EXERCISE DATA -
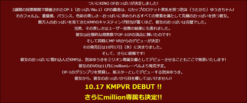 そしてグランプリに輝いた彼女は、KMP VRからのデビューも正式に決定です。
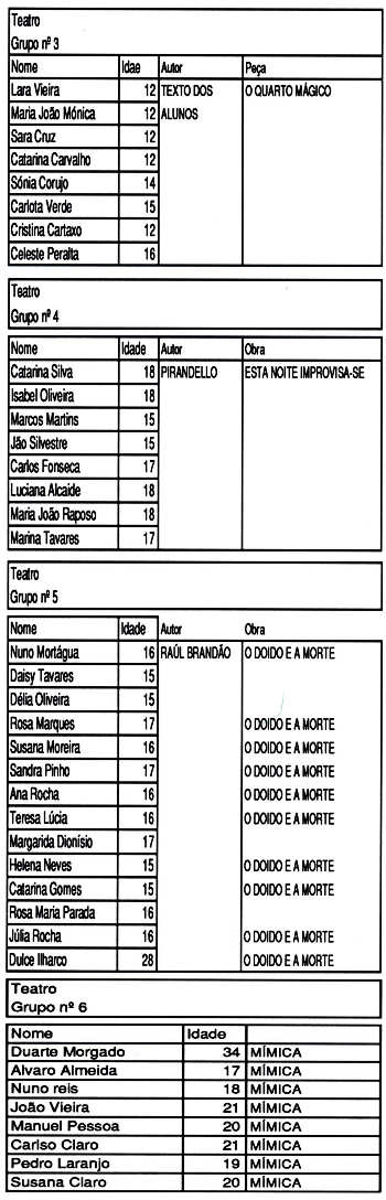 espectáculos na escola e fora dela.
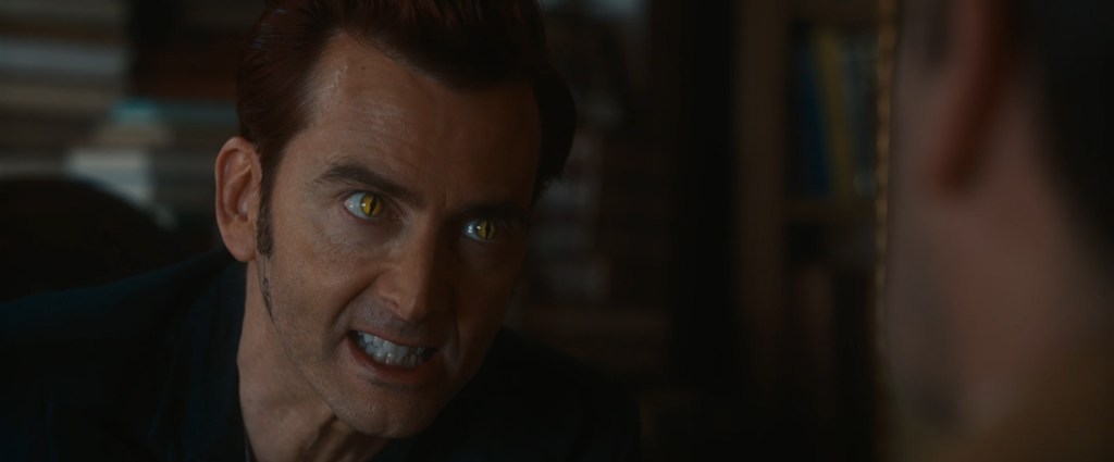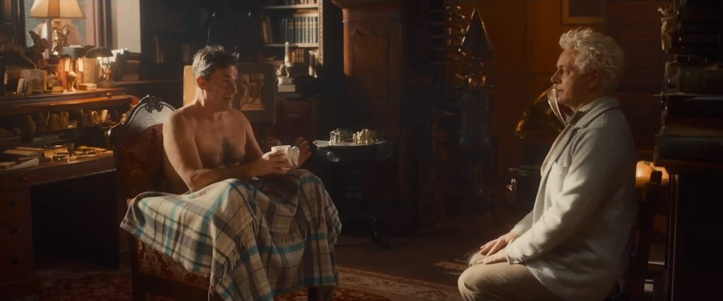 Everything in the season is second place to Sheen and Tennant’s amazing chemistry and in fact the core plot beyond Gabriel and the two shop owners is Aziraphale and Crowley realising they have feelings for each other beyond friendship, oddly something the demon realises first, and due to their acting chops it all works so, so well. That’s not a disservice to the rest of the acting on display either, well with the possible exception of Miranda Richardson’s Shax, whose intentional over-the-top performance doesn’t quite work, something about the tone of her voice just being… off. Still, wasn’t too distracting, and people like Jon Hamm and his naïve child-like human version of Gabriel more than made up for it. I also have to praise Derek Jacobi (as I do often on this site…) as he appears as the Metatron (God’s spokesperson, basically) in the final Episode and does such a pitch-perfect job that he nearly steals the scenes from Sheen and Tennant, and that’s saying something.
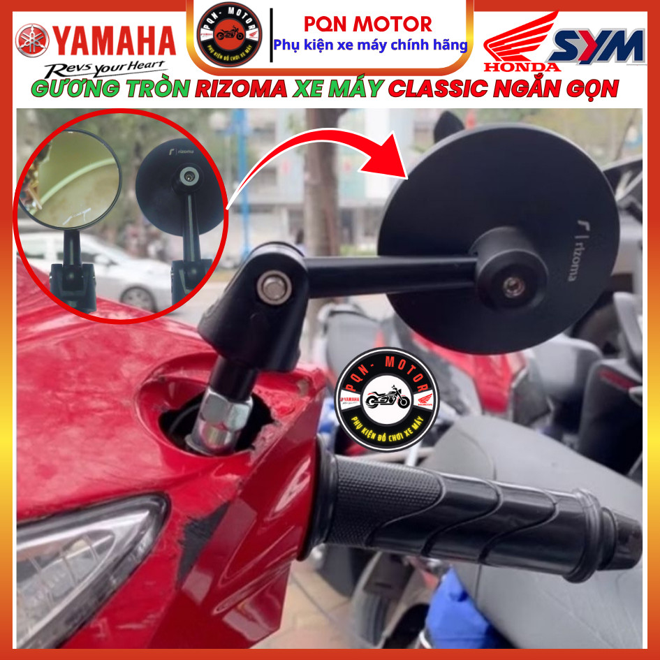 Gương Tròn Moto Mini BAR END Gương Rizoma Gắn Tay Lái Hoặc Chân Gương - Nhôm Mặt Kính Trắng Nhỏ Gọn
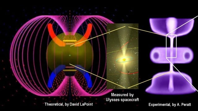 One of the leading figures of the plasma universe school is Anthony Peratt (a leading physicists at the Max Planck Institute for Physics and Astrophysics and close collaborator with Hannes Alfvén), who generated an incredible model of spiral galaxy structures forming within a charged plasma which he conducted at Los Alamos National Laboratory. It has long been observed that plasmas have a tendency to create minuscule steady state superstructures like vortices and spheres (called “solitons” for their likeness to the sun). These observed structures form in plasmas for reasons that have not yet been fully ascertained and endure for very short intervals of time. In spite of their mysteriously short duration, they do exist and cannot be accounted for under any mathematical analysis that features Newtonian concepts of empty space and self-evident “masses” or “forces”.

TASK ITEM - The answer must be the lines of the entries above, written out exactly from the first through the one with "espectáculos na escola e fora dela.", and no pictures.

WORKED SOLUTION -
 そしてグランプリに輝いた彼女は、KMP VRからのデビューも正式に決定です。
 espectáculos na escola e fora dela.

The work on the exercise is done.